Nigeria's Petrol Depot Prices Approach N1,000 Per Litre Threshold
Petrol depot prices across Nigeria have surged dramatically, approaching the N1,000 per litre mark, creating fresh concerns for motorists and businesses already grappling with escalating costs. This significant increase follows a recent price adjustment by the Dangote Petroleum Refinery and is further exacerbated by rising global crude oil prices driven by Middle East geopolitical tensions.
Dangote Refinery Triggers Price Chain Reaction
On Monday, March 2, 2026, the Dangote Petroleum Refinery announced a substantial ex-depot price increase of N100, moving from N774 to N874 per litre. This adjustment immediately cascaded through Nigeria's fuel distribution network, with private depots across the country responding by raising their own prices within days.
According to findings from PetroleumPriceNG on Tuesday, March 3, 2026, private depot prices have shifted from the N800 range to above N900 per litre. Specific examples include BONO depot in Lagos selling at N900 per litre, Matrix Lagos quoting N900, TSL pushing its rate to N910 per litre, and Matrix Port Harcourt selling at N940 per litre.
Retail Stations Implement Immediate Price Increases
The steady rise at depot levels has rapidly filtered through to filling stations nationwide, where pump prices are climbing sharply. In Abuja, some stations operated by the Nigerian National Petroleum Company Limited have adjusted prices from N875 to N960 per litre.
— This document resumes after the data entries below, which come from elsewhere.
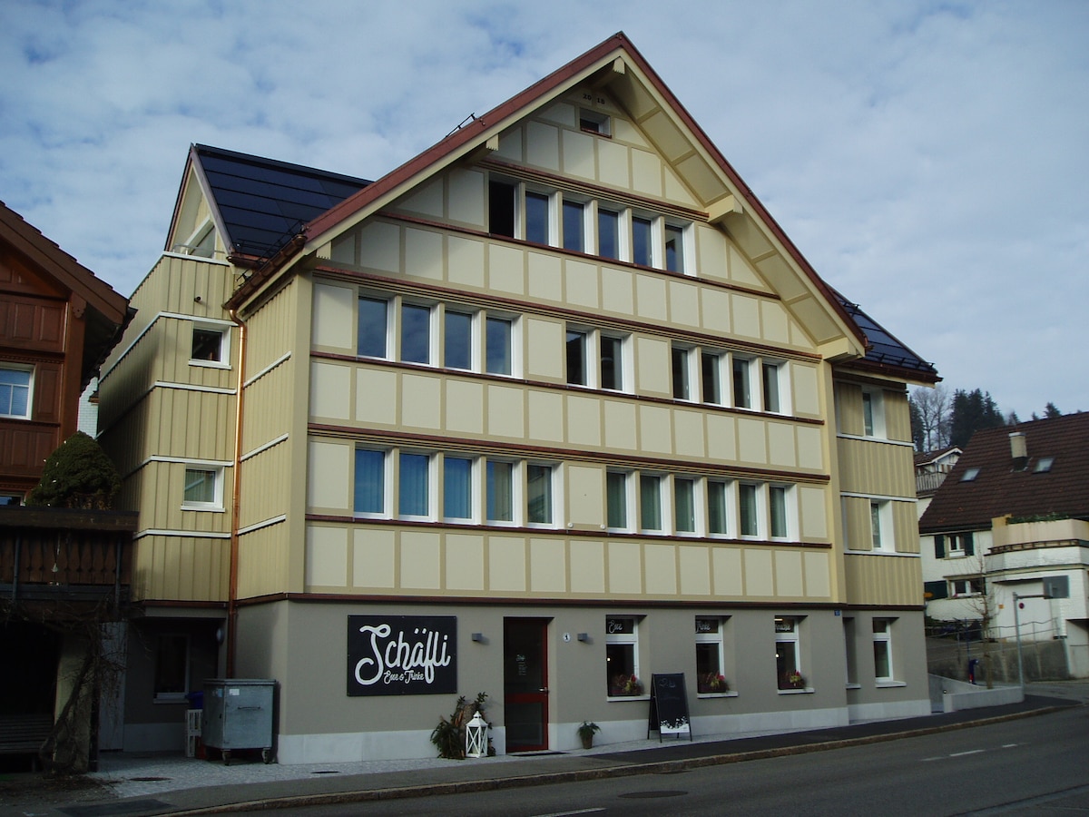 Пансіон Schäfli, побудований у 2018 році, розташований посередині села Вальдштатт, за 100 м від залізничного вокзалу. Кімната з видом на масив Альпштайн або з північного боку в тихому місці. Паркування в безпосередній близькості. Кімната для самозайнятих з кодом та карткою доступу. Окрема лаунж-зона з повністю обладнаною кухнею та кавоваркою. Сніданок також можна забронювати за 12 швейцарських франків.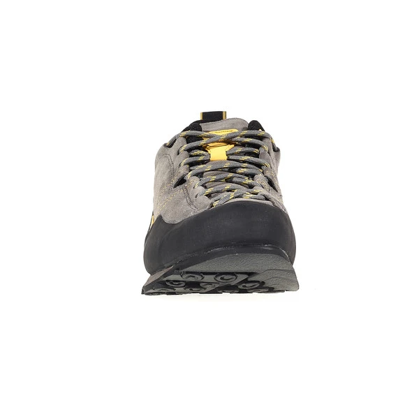 So wird der Boulder X zu einem optimalen Begleiter für leidenschaftliche Wanderer und Kletterer. Aus strapazierfähigem Suedeleder und abriebfestem Gummi.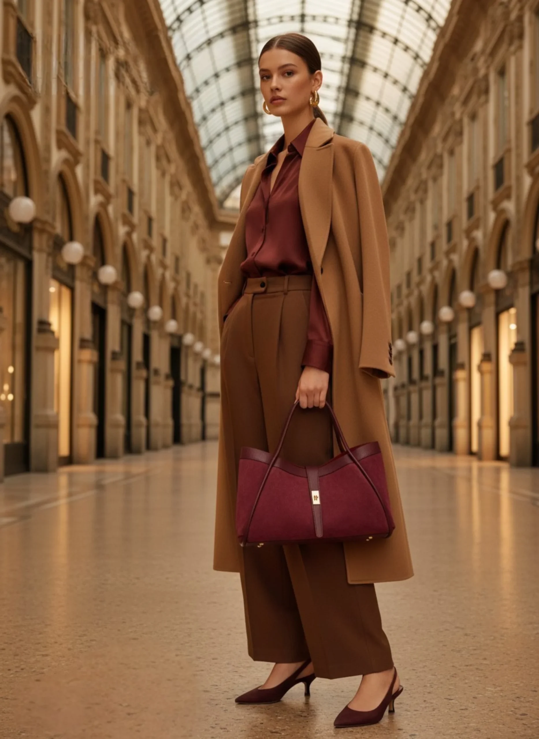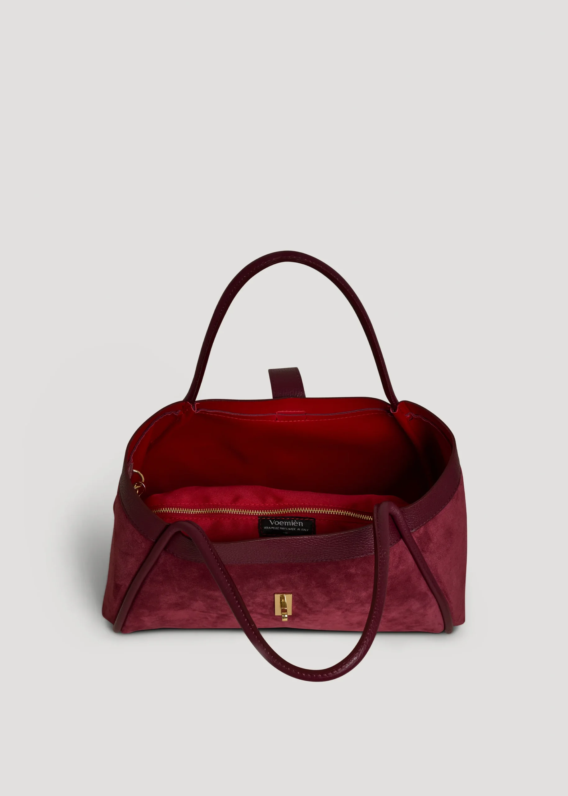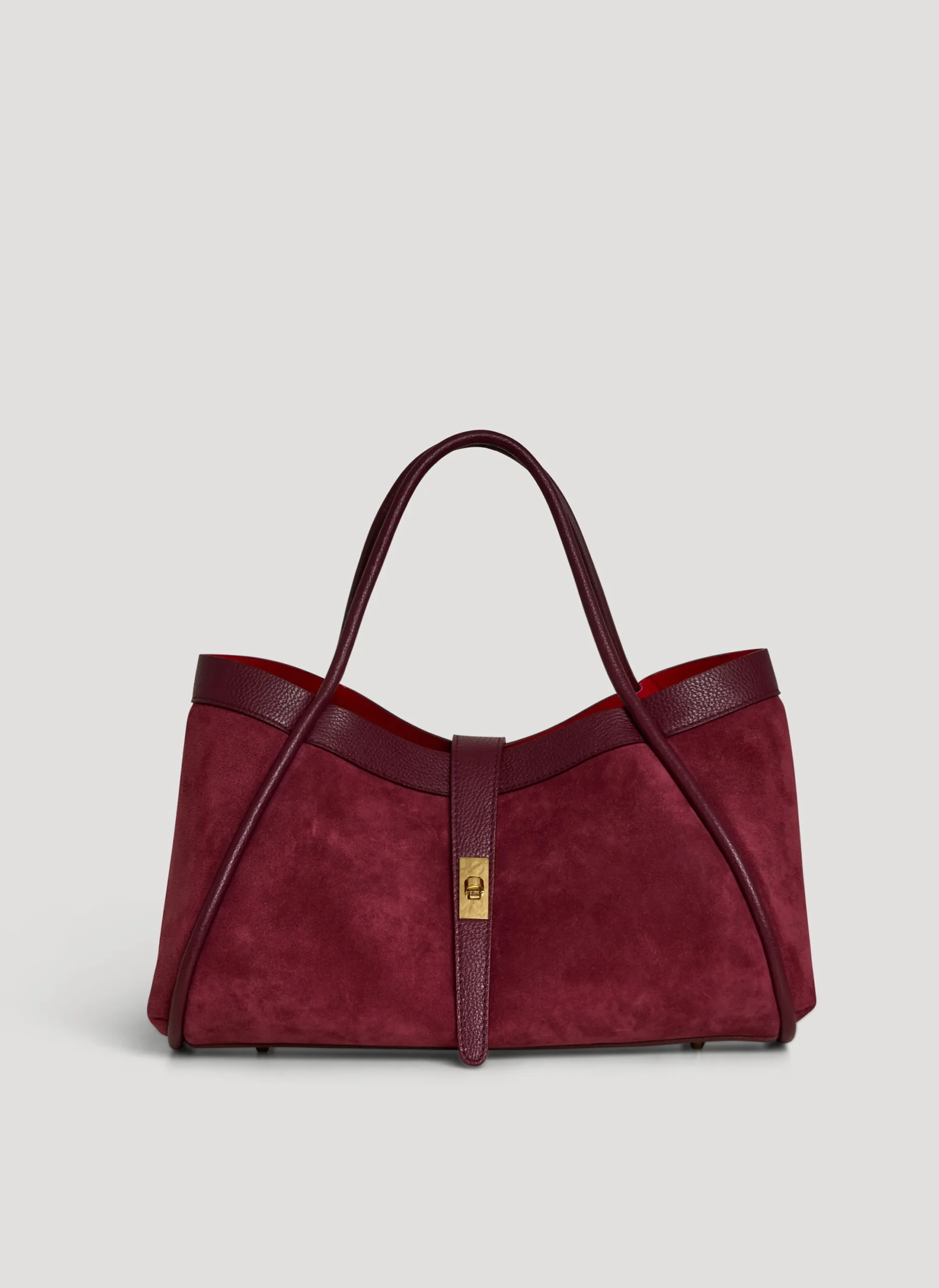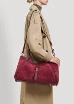 Mayfair Tasche aus echtem Wildleder und Togo-Leder, hergestellt in Italien, mit hellgoldenen Beschlägen.
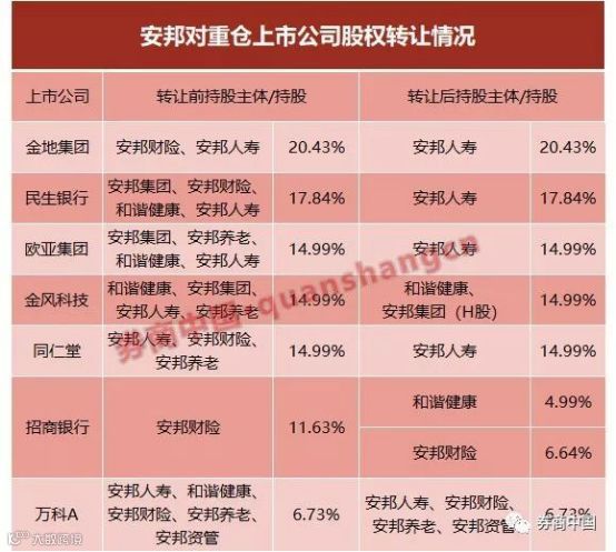 此外,2018年6月和9月,安邦保险集团先后两次对持有的多家上市公司股票进行集中式内部转让。转让后,安邦财险的持股上市公司数量明显减少。

In Lagos, independent marketers have been particularly quick to revise their prices. Along Ogunnusi Road, checks revealed that while NNPC retail stations were not dispensing fuel at the time of inspection, independent operators had already implemented significant increases. A Bovas filling station, for instance, raised its pump price from N835 to N935 per litre.
Industry analysts warn that with depot prices inching toward N1,000 per litre, retail pump prices could soon cross that threshold if global market conditions remain unstable.
Middle East Tensions Drive Global Oil Price Surge
Energy analysts attribute the latest price spike to escalating geopolitical tensions in the Middle East involving the United States, Israel, and Iran. This crisis has disrupted global supply chains and driven up crude oil benchmarks significantly.
Brent Crude climbed above $80 per barrel on Monday and was trading around $84.2 per barrel at the time of reporting. Market experts caution that prices could potentially exceed $100 per barrel if supply disruptions persist.
While higher crude prices may theoretically boost Nigeria's oil revenue, the immediate impact on consumers is negative. Since the deregulation of Nigeria's downstream petroleum sector, petrol prices have become largely influenced by global crude rates and foreign exchange movements. Any sustained increase in crude prices translates directly to higher domestic pump prices.
PETROAN Raises Inflation and Vulnerability Concerns
The Petroleum Products Retail Outlets Owners Association of Nigeria has expressed serious concern over the growing crisis, warning that Nigeria remains highly vulnerable due to its continued reliance on imported refined petroleum products.
In a statement signed by its National Public Relations Officer, Dr. Joseph Obele, the association's National President, Dr. Billy Gillis-Harry, described the Middle East conflict as a significant threat to energy-importing nations. He specifically noted that instability around the Strait of Hormuz, a critical oil transit route through which approximately 20 percent of the world's crude oil shipments pass daily, poses serious risks to global supply chains.
According to PETROAN, prolonged tension could intensify pressure on Nigeria's foreign exchange reserves, drive up transportation costs across all sectors, and worsen the country's already challenging inflation situation.
Calls for Policy Stability and Local Refining Capacity
To cushion the impact of these price increases, petroleum marketers are urging the federal government to sustain and strengthen the Naira-for-Crude policy to reduce dependence on foreign exchange for petroleum imports. They have also called for accelerated rehabilitation and full operationalisation of Nigeria's four state-owned refineries.
Strengthening local refining capacity, industry stakeholders argue, would significantly reduce import dependence and better shield the Nigerian economy from external shocks and global market volatility.
For now, motorists across Lagos, Abuja, and other major Nigerian cities are bracing for further price increases as uncertainty continues to dominate the global oil market. If tensions in the Middle East persist, industry observers suggest that the era of sub-N900 petrol may soon become a distant memory for Nigerian consumers.